Websites that adapt to changing energy levels

Ūrjā

What makes a good website? Ask a designer and they might talk about established principles for building intuitive, aesthetic, accessible sites. Keeping aside individual user experiences, if we a take the whole of the web into account, particularly its global energy consumption, another metric becomes apparent. What is the energy cost of a webpage whizzing past the cables, criss-crossing the planet, going from servers to clients? Ūrjā is a project that considers energy consumption as a parameter for the design of the web.

Solar Protocol is a global network of volunteer-run servers powered by solar energy. These servers hold the same information butcommunicate with each other over public APIs to determine which server has the most energy at any moment in time & hence should become the active server. In effect, these servers share their workload, handing off responsibility as they wait to be recharged.
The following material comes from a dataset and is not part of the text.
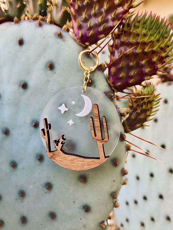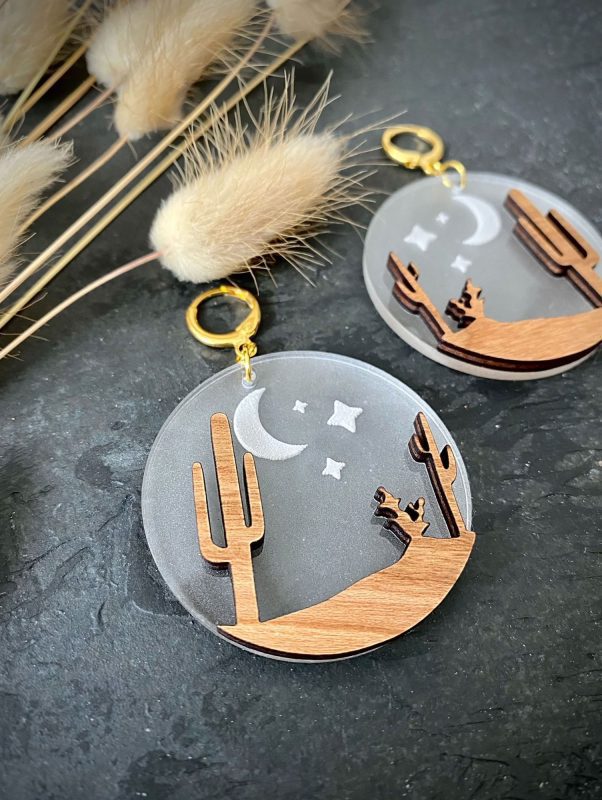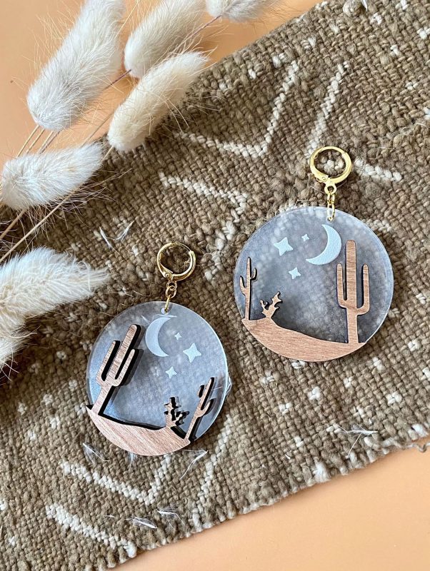 این گوشواره چوبی منحصر به فرد یادآور شب های زیبای کویر مرنجاب و کویر لوت است. اگر سفری به دل کویر داشته اید، حتما این گوشواره آن خاطرات را برای تان زنده خواهد کرد.🥰

In the visualisation above, I use the Solar Protocol API to fetch the voltage and current data logged by the active server over the past week. The natural cyclical pattern in solar energy becomes apparent by the rise and fall in power over time. This data is fetched in real-time and rendered as an animated graphic in high-energy use designs, shown as a static image in medium-energy, and as an ASCII diagram on the low-energy page.

Imagine that the server-client interaction is akin to a chit-chat between two people. We intuitively gauge our own & our partner's energy levels and adapt the discourse accordingly. Similarly, clients and server must assess each other's energy levels to choose a design appropriate for their capacity.